> [EXERCISE PROMPT]: Where a picture appears, leave it out, and transcribe all the lines below exactly.

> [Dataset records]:

::::::::::

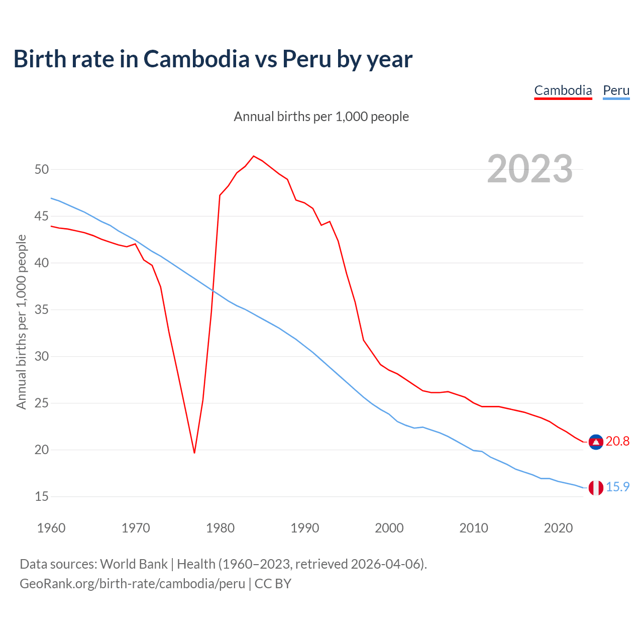 Cambodia has an annual birth rate of 20.8 births per 1,000 people, compared to 15.9 for Peru. The average number of children a woman is expected to have during her lifetime — the fertility rate, is 2.58 in Cambodia and 1.98 in Peru — 23.2% difference.
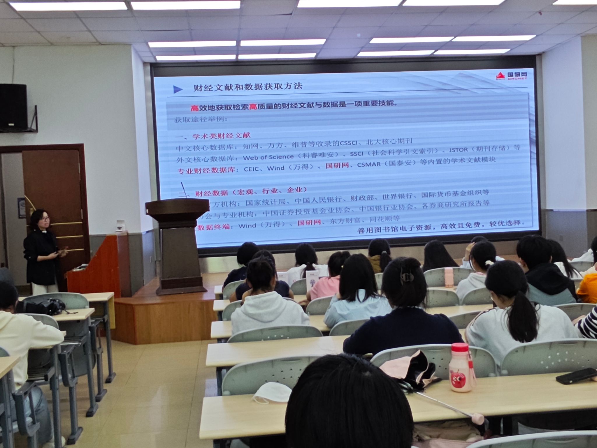 互动问答环节,主讲人就国研网数据库的主要内容、AI文献解析功能、统计数据系列、经济管理案例库构成等问题与现场师生进行了深入交流。学生们积极抢答,气氛活跃,不少同学表示“第一次直观感受到AI工具在财经科研中的强大助力”。
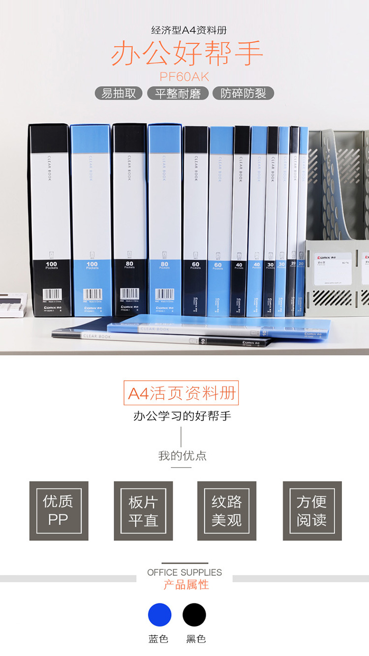 “COMIX/齊心”PF60AK 資料冊 單個裝(藍色60頁A4資料夾插袋文件冊收納袋檔案活頁收納夾)
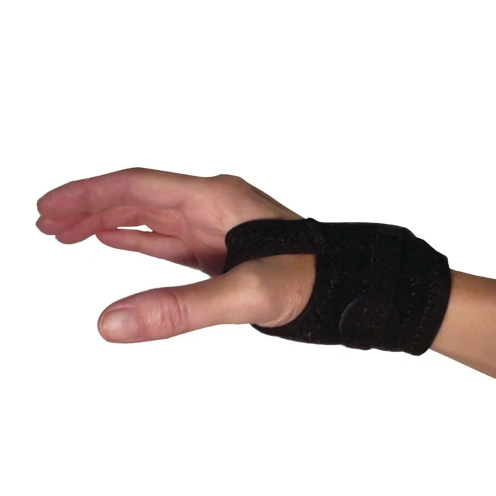 To prevent stress on the basal joint, the support places the thumb in the optimum position. The support abducts the thumb and distracts the CMC joint to give user relief. With a low profile, the support allows users to have normal motion of the thumb while supporting the CMC joint. The pressure dot is applied when more support is desired at the CMC joint.
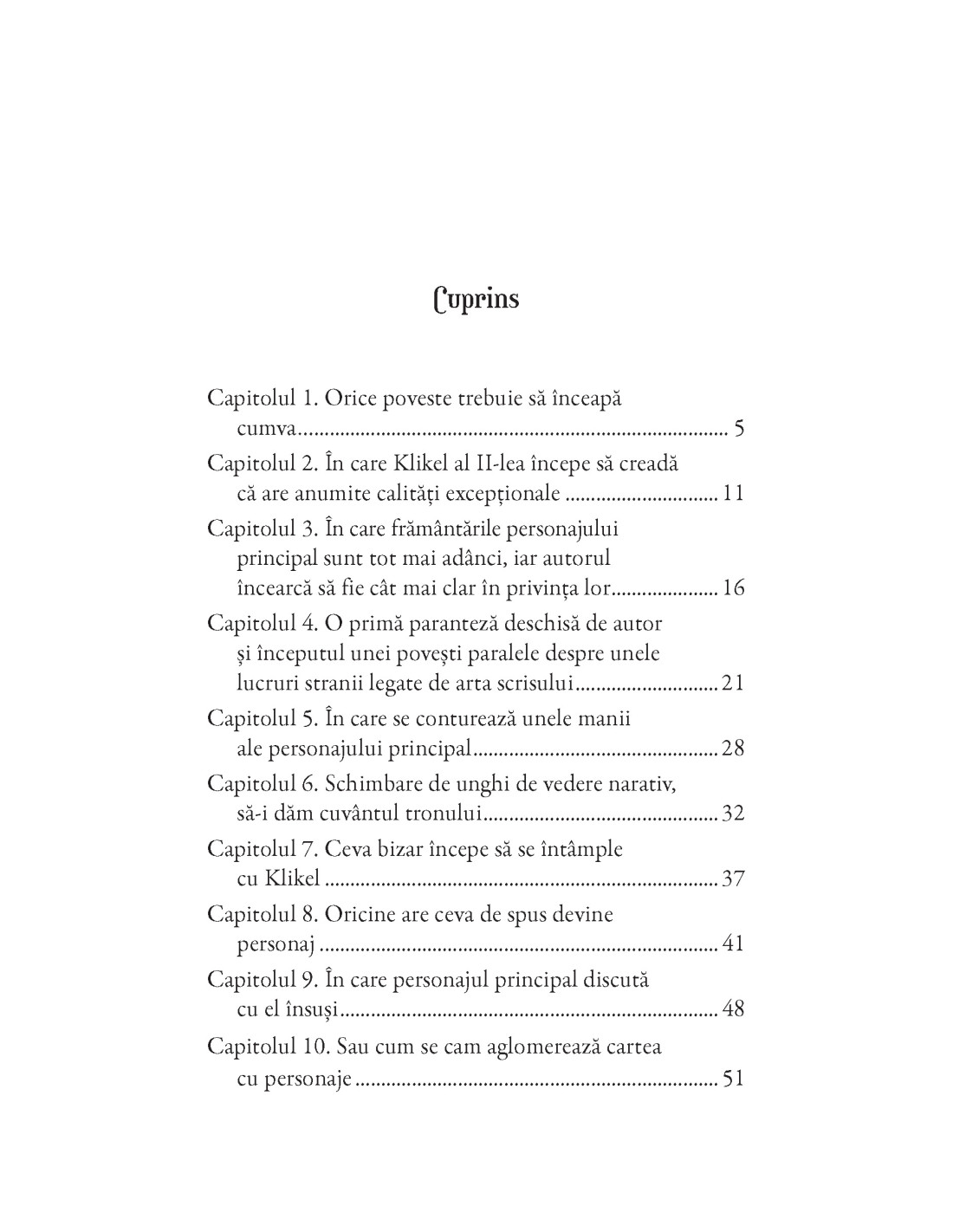 Aventurile lui Klikel se împletesc cu peripeţiile unui scriitor care se lasă invadat de personajele sale, uitând unde se află linia de demarcaţie dintre realitate și ficţiune, ba chiar prelungind-o dincolo de masa lui de scris…
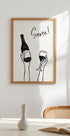 Ręce trzymające butelkę wina i kieliszek do wina z tekstem „Na zdrowie!” w plakacie francuskim
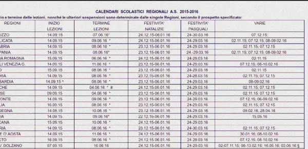 Calendario fine scuola 2015/16 per regione
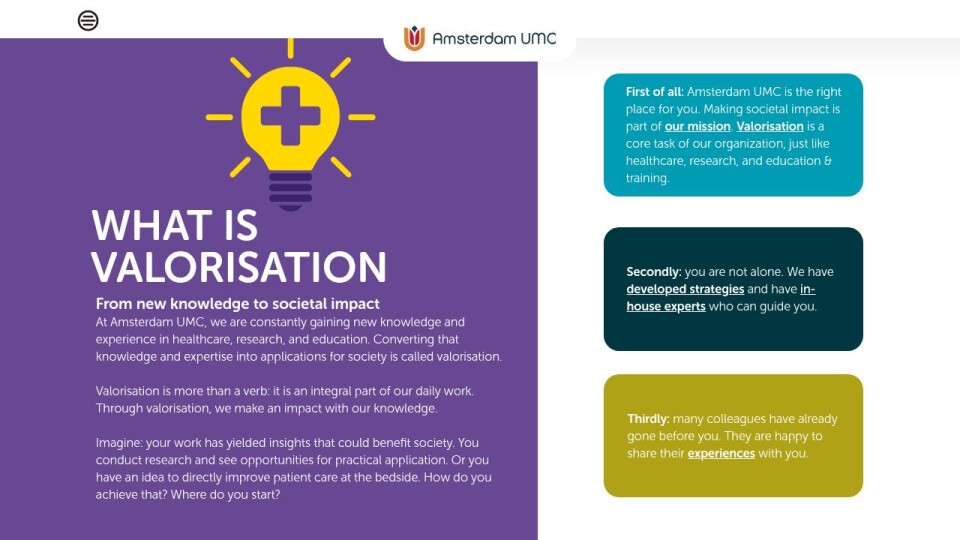 First of all: Amsterdam UMC is the right place for you. Making societal impact is part of our mission. Valorisation is a core task of our organization, just like healthcare, research, and education & training.
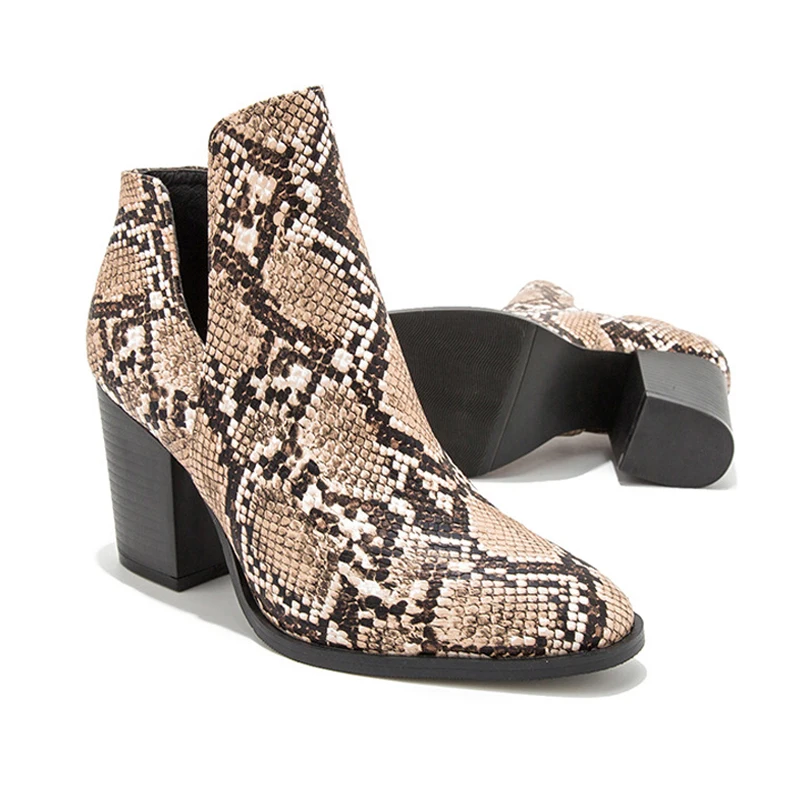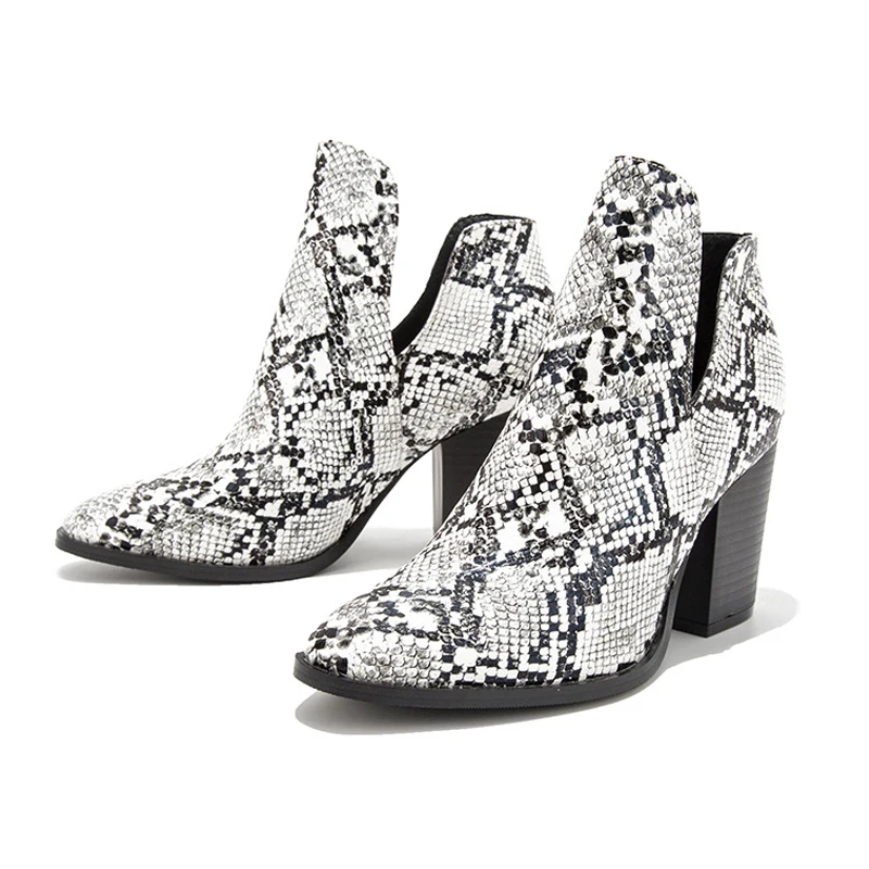 Cxjywmjl Western Cowboy Boots Motorcycle Women Snake Pattern Pu Leather High Heels Booties No Lace Cowgirl Boots Ankle Boot 6857
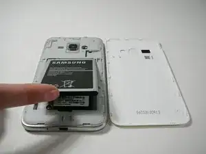 После того как крышка снята, найдите аккумулятор с надписью "SAMSUNG".
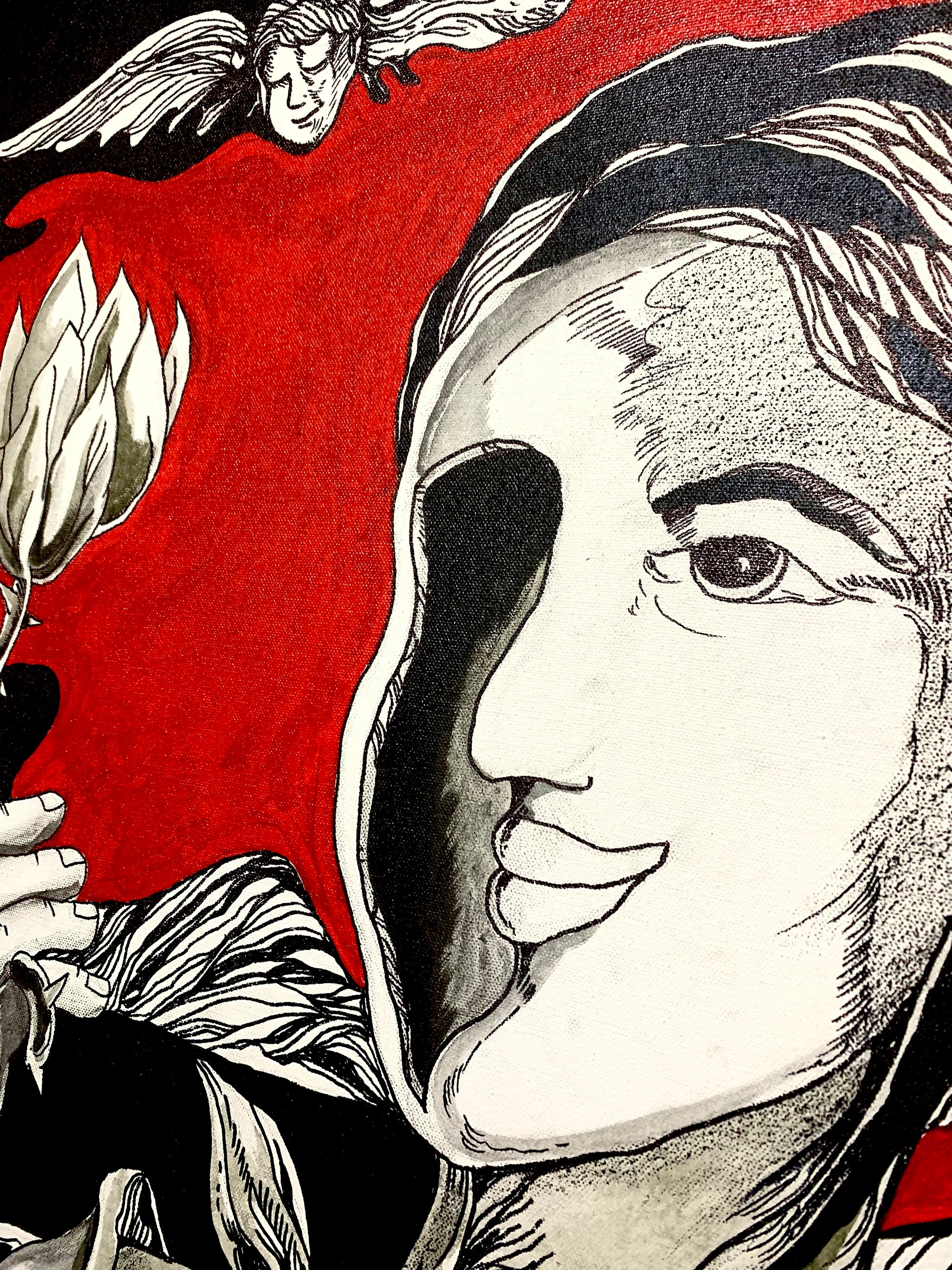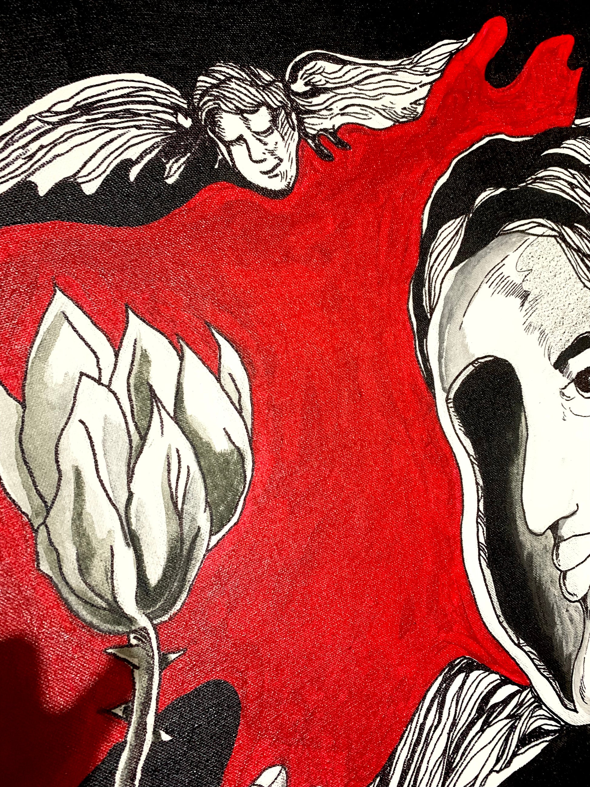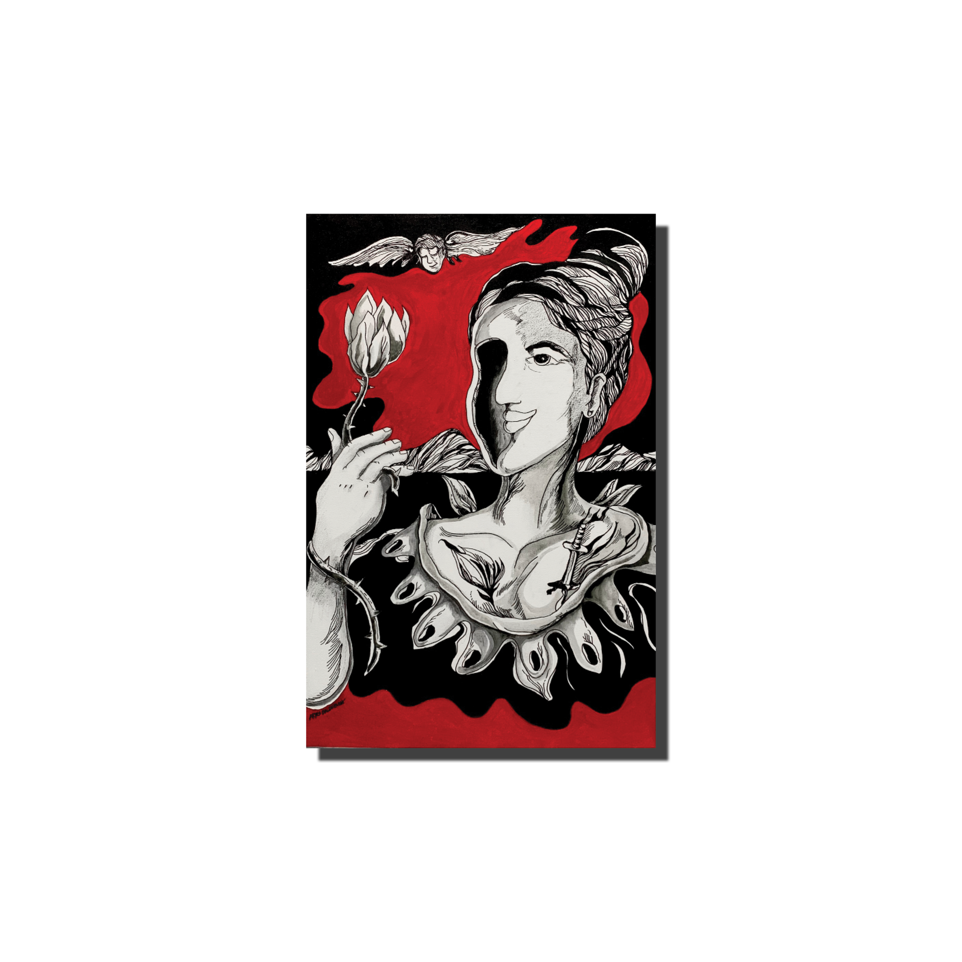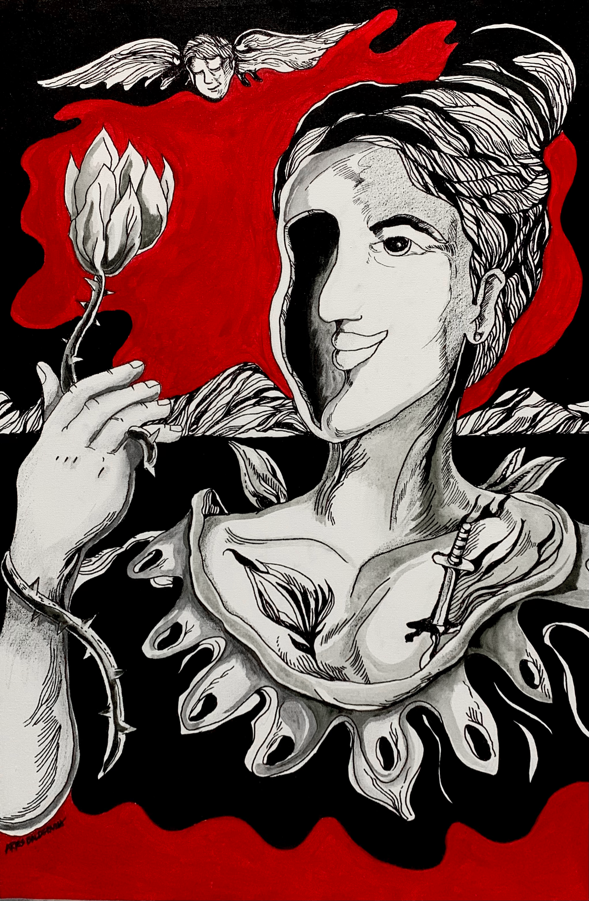Aries Balderama aged 46, is an Art Director in an advertising company while creating art on the side. Even though working a full-time job, Aries never gave up his love for painting and continues to produce masterpieces several medium mainly acrylics paints. As a husband and a father of two, Aries gets inspiration from them. Surrealism is Aries' go to art form in colors of red, black, and white. He believes that art lives within his heart that keeps his fire burning to get through everyday life

::::::::::

> [THE ANSWER]:
 Cambodia has an annual birth rate of 20.8 births per 1,000 people, compared to 15.9 for Peru. The average number of children a woman is expected to have during her lifetime — the fertility rate, is 2.58 in Cambodia and 1.98 in Peru — 23.2% difference.
 互动问答环节,主讲人就国研网数据库的主要内容、AI文献解析功能、统计数据系列、经济管理案例库构成等问题与现场师生进行了深入交流。学生们积极抢答,气氛活跃,不少同学表示“第一次直观感受到AI工具在财经科研中的强大助力”。
 “COMIX/齊心”PF60AK 資料冊 單個裝(藍色60頁A4資料夾插袋文件冊收納袋檔案活頁收納夾)
 To prevent stress on the basal joint, the support places the thumb in the optimum position. The support abducts the thumb and distracts the CMC joint to give user relief. With a low profile, the support allows users to have normal motion of the thumb while supporting the CMC joint. The pressure dot is applied when more support is desired at the CMC joint.
 Aventurile lui Klikel se împletesc cu peripeţiile unui scriitor care se lasă invadat de personajele sale, uitând unde se află linia de demarcaţie dintre realitate și ficţiune, ba chiar prelungind-o dincolo de masa lui de scris…
 Ręce trzymające butelkę wina i kieliszek do wina z tekstem „Na zdrowie!” w plakacie francuskim
 Calendario fine scuola 2015/16 per regione
 First of all: Amsterdam UMC is the right place for you. Making societal impact is part of our mission. Valorisation is a core task of our organization, just like healthcare, research, and education & training.
 Cxjywmjl Western Cowboy Boots Motorcycle Women Snake Pattern Pu Leather High Heels Booties No Lace Cowgirl Boots Ankle Boot 6857
 После того как крышка снята, найдите аккумулятор с надписью "SAMSUNG".
Aries Balderama aged 46, is an Art Director in an advertising company while creating art on the side. Even though working a full-time job, Aries never gave up his love for painting and continues to produce masterpieces several medium mainly acrylics paints. As a husband and a father of two, Aries gets inspiration from them. Surrealism is Aries' go to art form in colors of red, black, and white. He believes that art lives within his heart that keeps his fire burning to get through everyday life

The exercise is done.